Et certaines décisions clés (comme celle de réduire drastiquement l'impôt sur la fortune pour les plus riches) prises peu après son entrée en fonction lors de sa première présidence, sont devenues les emblèmes de sa supposée "trahison" de la classe ouvrière et lui ont valu le surnom de "président des riches".

Un passé idéalisé

C'est une accusation qui ne cadre pas avec l'histoire que Macron aime raconter sur lui-même.

"Je suis né dans une ville de province, dans une famille qui n'avait rien à voir avec le monde des journalistes, des politiciens ou des banquiers", a-t-il répondu il y a des années à un journaliste qui remettait en question son attrait pour les classes populaires.

Dans son autobiographie, M. Macron raconte que ses grands-parents étaient un enseignant, un cheminot, un travailleur social et un ingénieur civil.

Il explique que sa grand-mère maternelle, l'institutrice Manette, a été particulièrement importante pour lui, car elle lui a fait découvrir le monde de la littérature et de la culture et lui a appris à penser.
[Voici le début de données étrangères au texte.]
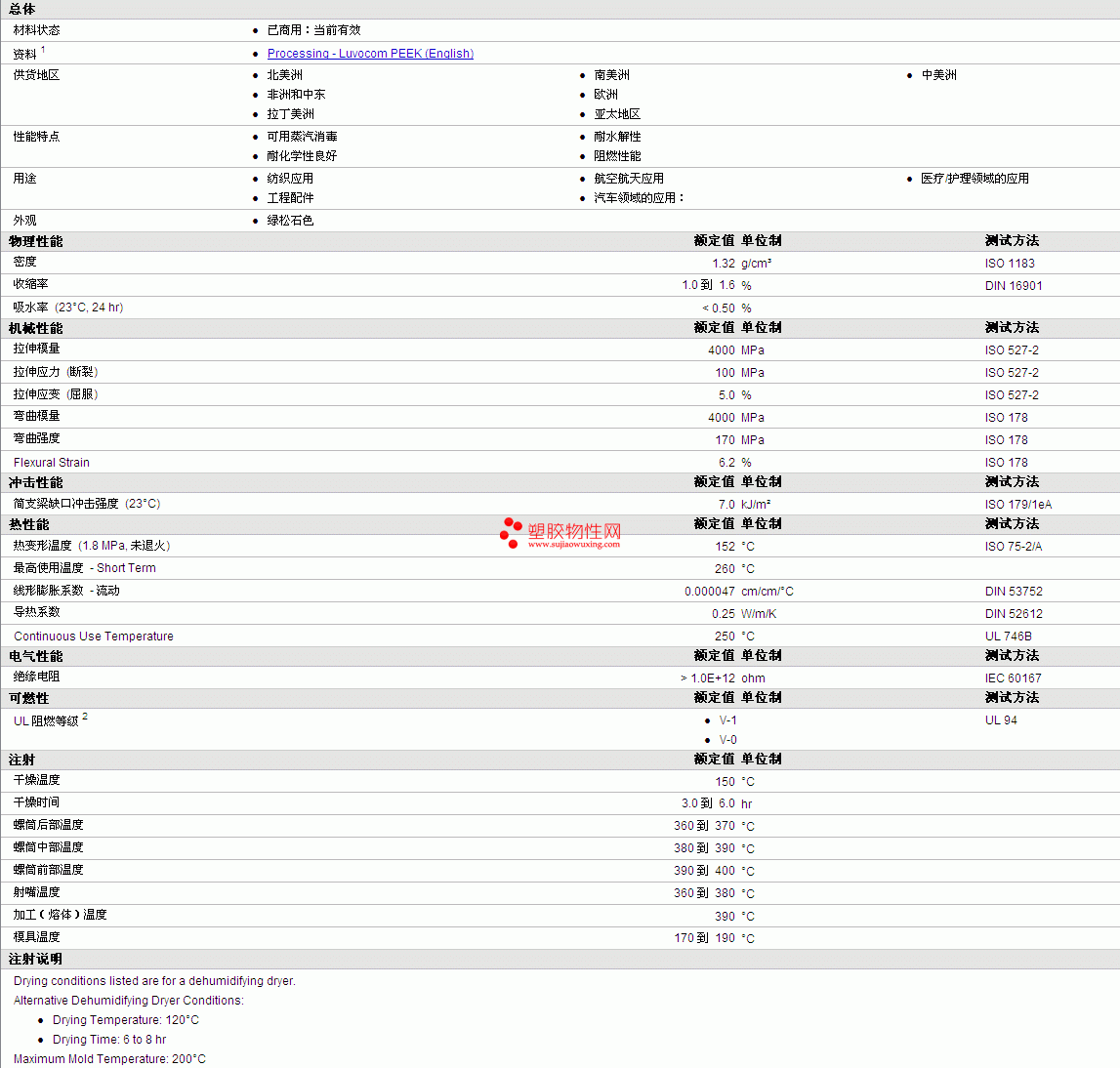 | 机械性能 | 额定值 | 单位制 | 测试方法 |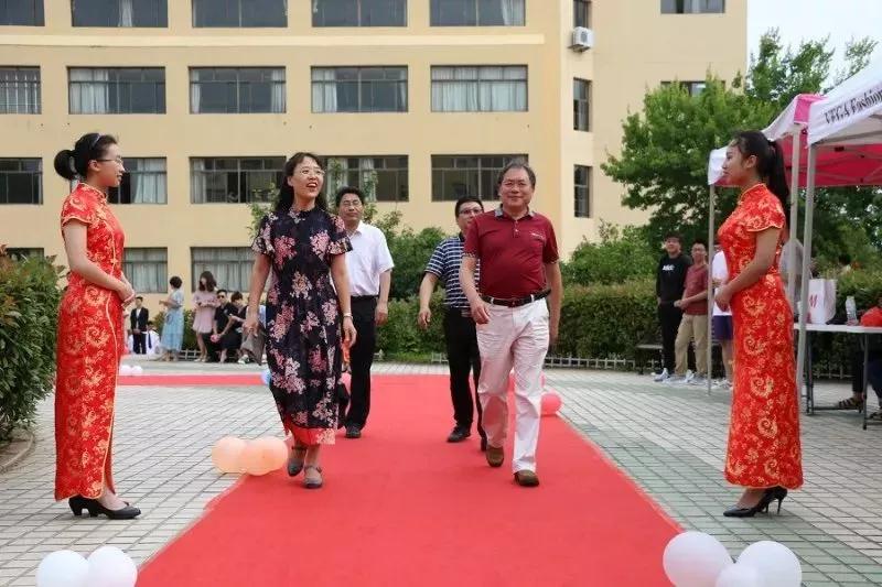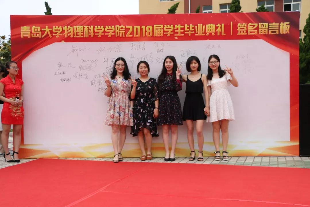 典礼上毕业生们与他们的恩师陆续走过红毯,在留言板上签下自己的名字并合影留念。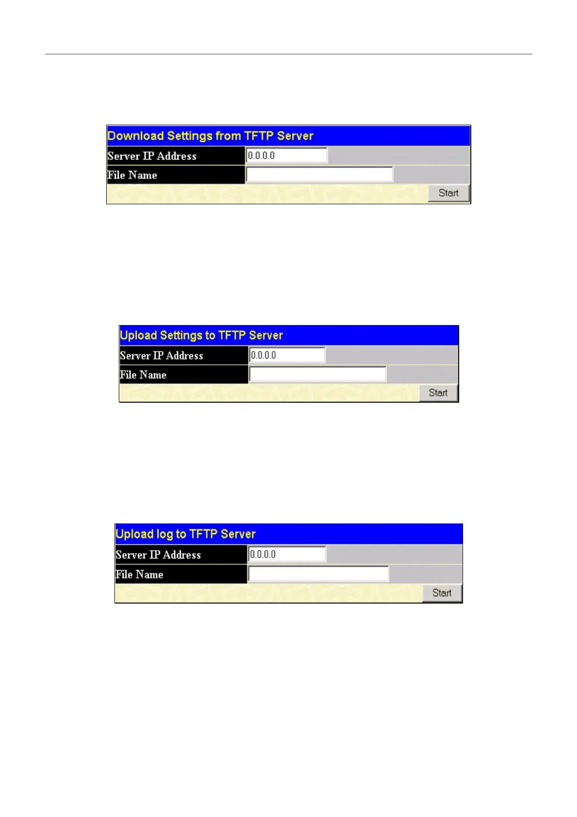Click Start to record the IP address of the TFTP server and to initiate the file transfer.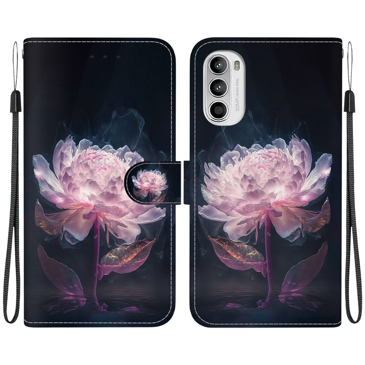 Funda de Cuero para Motorola Moto G52 con Dibujo Coloreado y Textura de Cristal (Peonía Púrpura)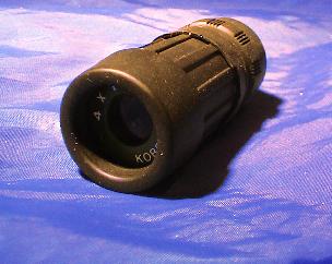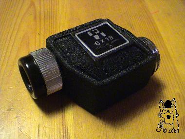 This rangefidner comes with a built-in 4x12 monocular (s. arrow). Using some rubber covering of an old pocket bincoular I covered the Korean made monocular, and put a foldable rubber eyecup to tthe ocualr piece. I cut down the rubber to an appropriate size and used some multipurpose glue to attach the rubber parts. |
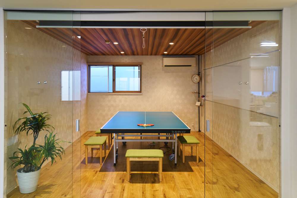 卓球台の会議テーブルがおしゃれ。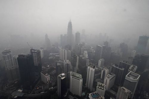 2015年9月13日,馬來(lái)西亞首都吉隆坡的地標(biāo)建筑雙子塔被煙霧籠罩。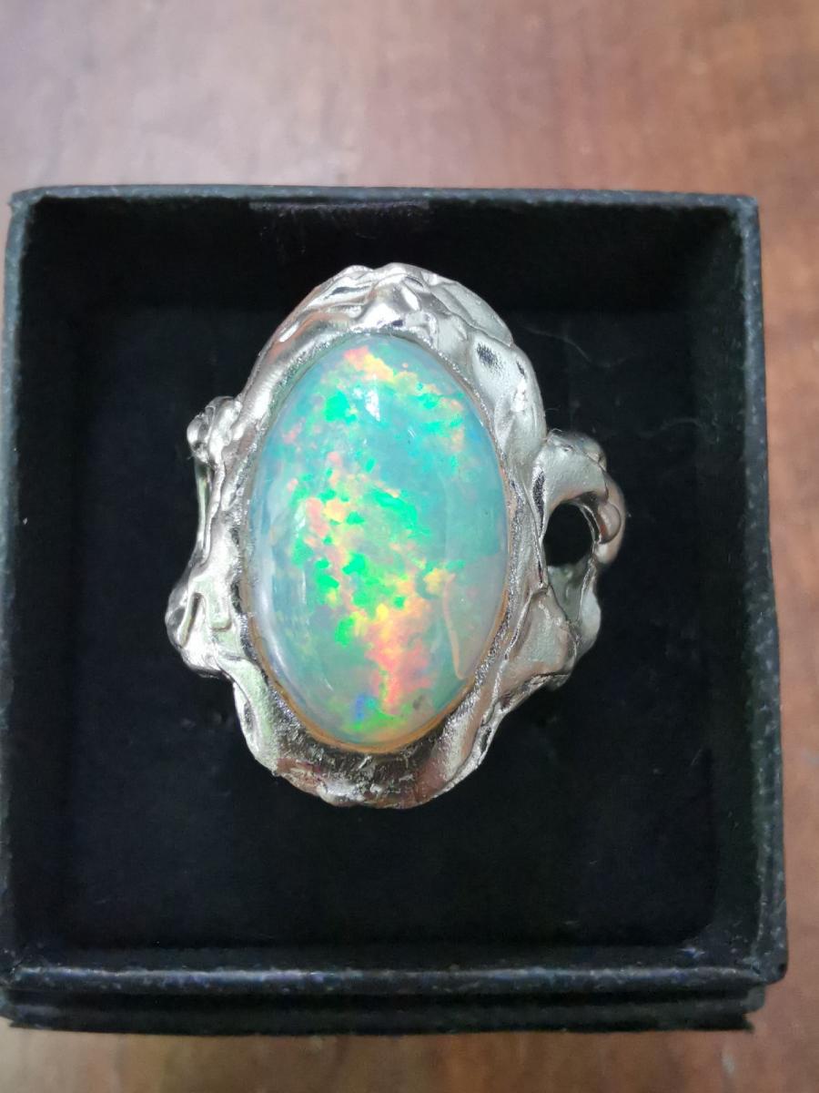 Anello in argento 925 regolabile con Opale etiope di ct5,60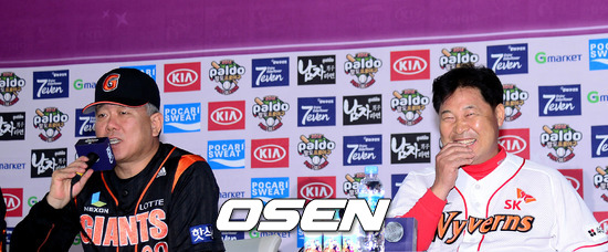 이날 미디어데이에 롯데 양승호 감독과 김사율(투수) 황재균(내야수)이, SK에서는 이만수 감독과 이호준(내야수) 정근우(내야수)가 대표선수로 참석했다.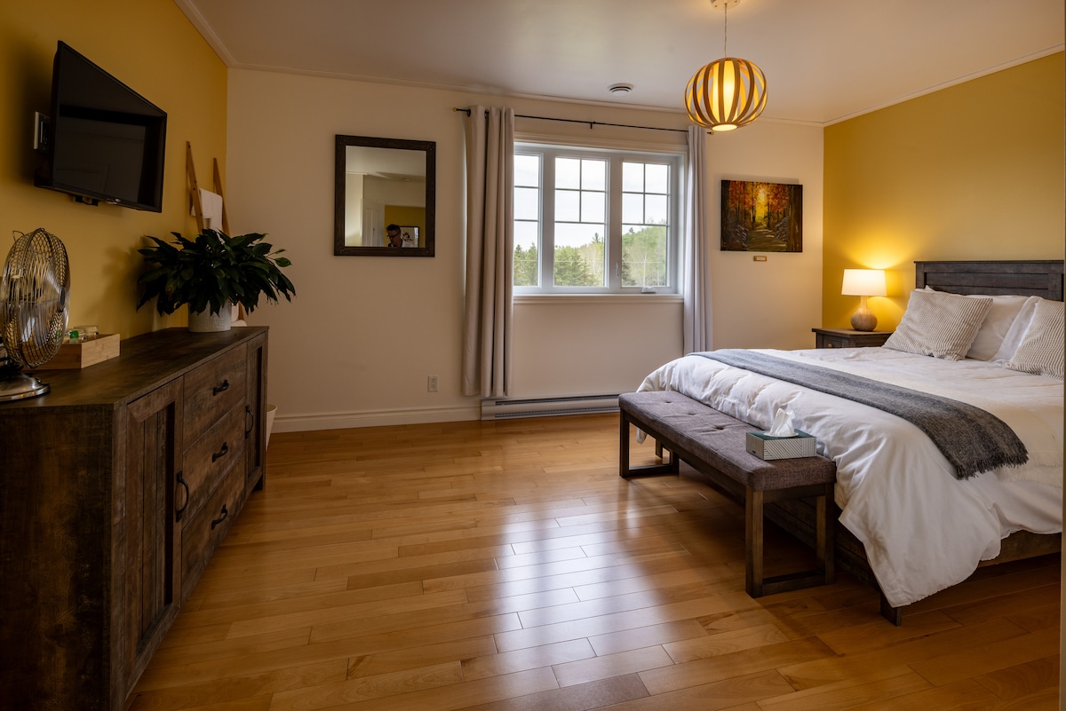 Niché sur les hauteurs du Ruisseau‑Jureux, le chalet Le Pin Perché domine le paysage et offre une vue spectaculaire sur le fleuve Saint‑Laurent et les montagnes. Chaque lever de soleil sur la terrasse est un moment magique, une invitation à commencer la journée en douceur !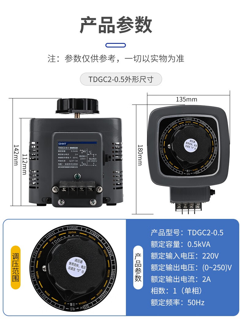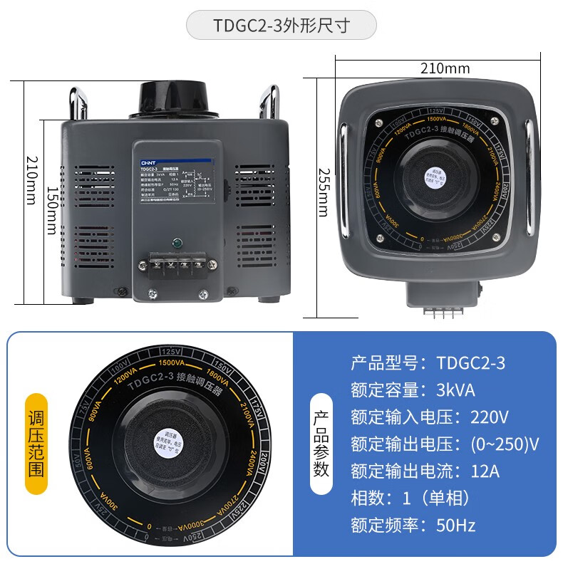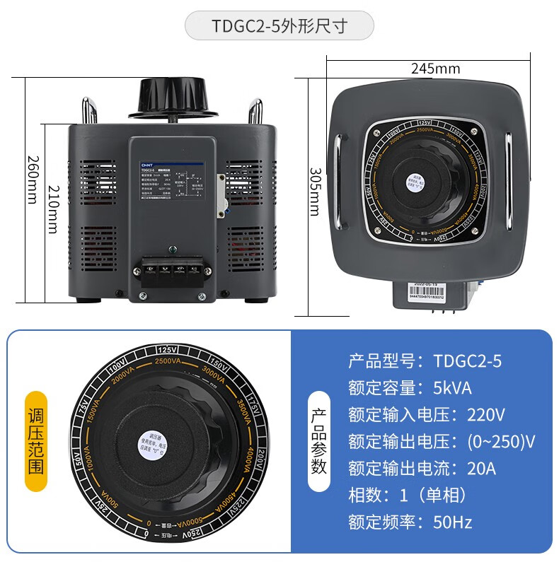 Chint single-phase voltage regulator 5000w input 220v voltage regulator TDGC2 5kva adjust voltage 0v-250v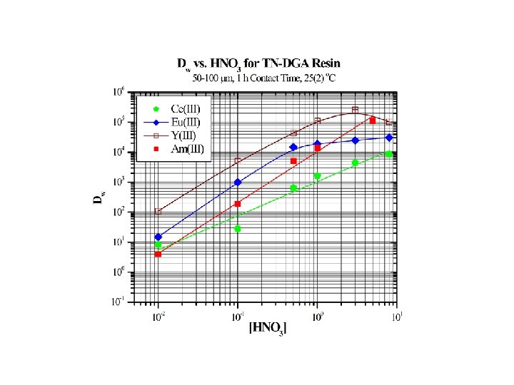 Diglycolamide (DGA) Resin Extractant: N, N, N’-tetra-n-alkyl-3 -oxopentanediamide (TN-DGA) N, N, N’-tetra-(branched-alkyl)-3 -oxopentanediamide (TB-DGA) Extraction Equilibrium: 3+ M - + 3 NO 3 + 3 E M(NO 3 )3 E 3 M = Ln, An
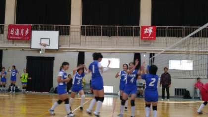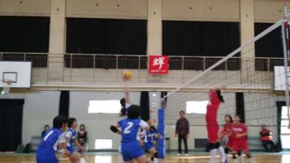 息詰まる展開でしたが、20−20から一気に流れが梅南中に傾きました。写真は、勝利の瞬間です。相手チームもボールに跳びついていますが、拾うことができず、結局25−20で第3セットを取りました。しんどい試合を勝利して跳びあがって喜んでいます。これで、3戦全勝で予選リーグ1位通過となりました。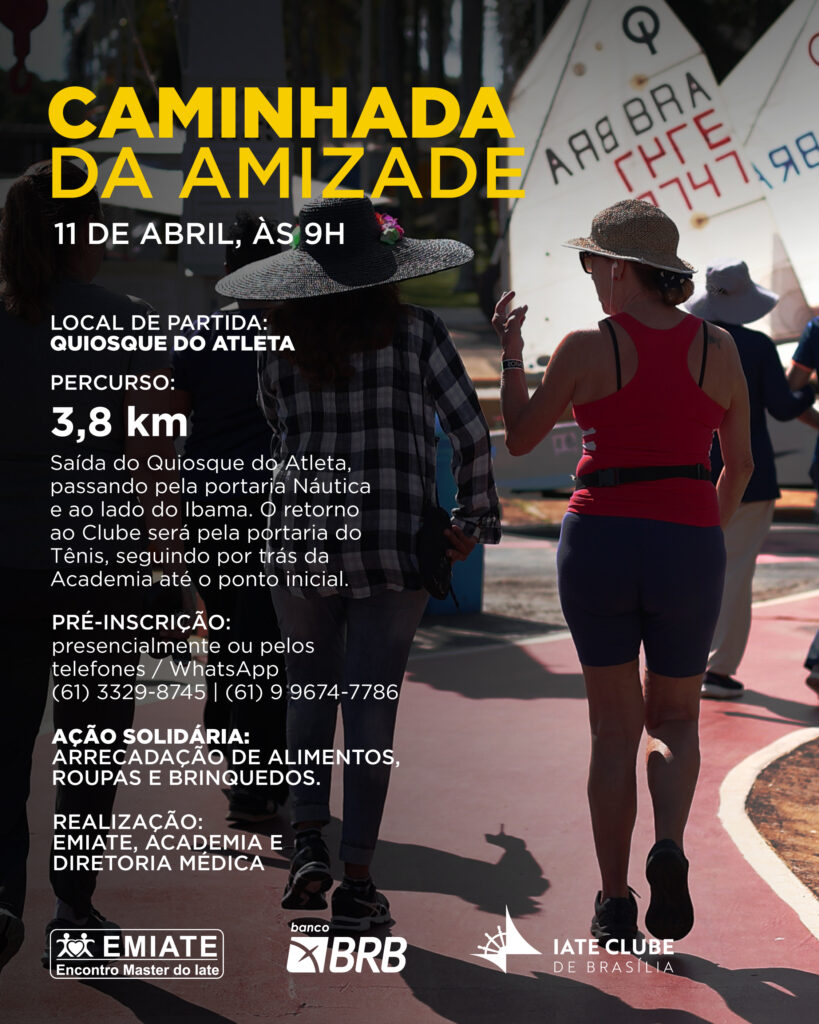No dia 11 de abril, o Emiate, a Academia e a Diretoria Médica irão promover a Caminhada da Amizade. O ponto de encontro será no Quiosque do Atleta, às 9h.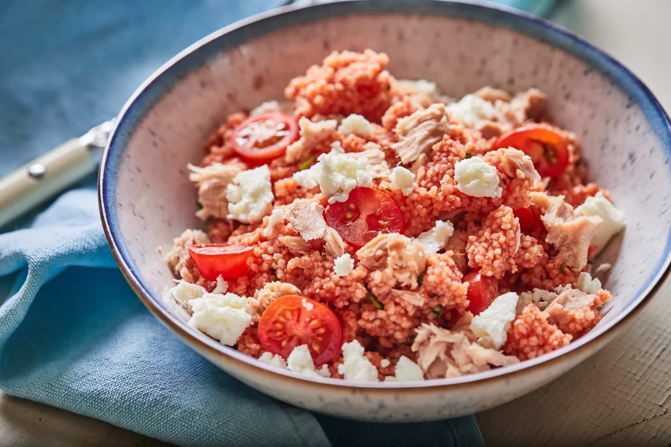 A paradicsomos kuszkusz elkészítéséhez a kuszkuszt egy tálba tesszük, elkeverjük benne a sót, majd felöntjük a forrásban lévő vízzel, és lefedjük. Amíg a kuszkusz magába szívja a vizet, elkészítjük a paradicsomszószt. A serpenyőt felforrósítjuk, majd beleöntjük a passatát. Ízesítjük cukorral és sóval, majd forrástól számítva 1 perc után lehúzzuk a tűzről, és összekeverjük a kuszkusszal. A paradicsomot apró kockákra vágjuk, majd belekeverjük a kuszkuszba a finomra vágott petrezselyemmel, a tépkedett tonhallal és a morzsolt feta sajttal együtt, és már tálalhatunk is.

Mais elle lui a aussi apporté autre chose : la mère de Manette était illettrée, et l'histoire de sa descendante qui a accédé à l'Elysée est une histoire romantique, bien plus romantique que celle du fils d'un neurologue qui a fait une école privée et qui s'est présenté à la présidence après un passage dans une banque d'investissement.

Malgré cela, la vérité est que l'histoire familiale d'Emmanuel Macron est celle d'un dépassement des divisions sociales, ce qu'il tentera plus tard en politique.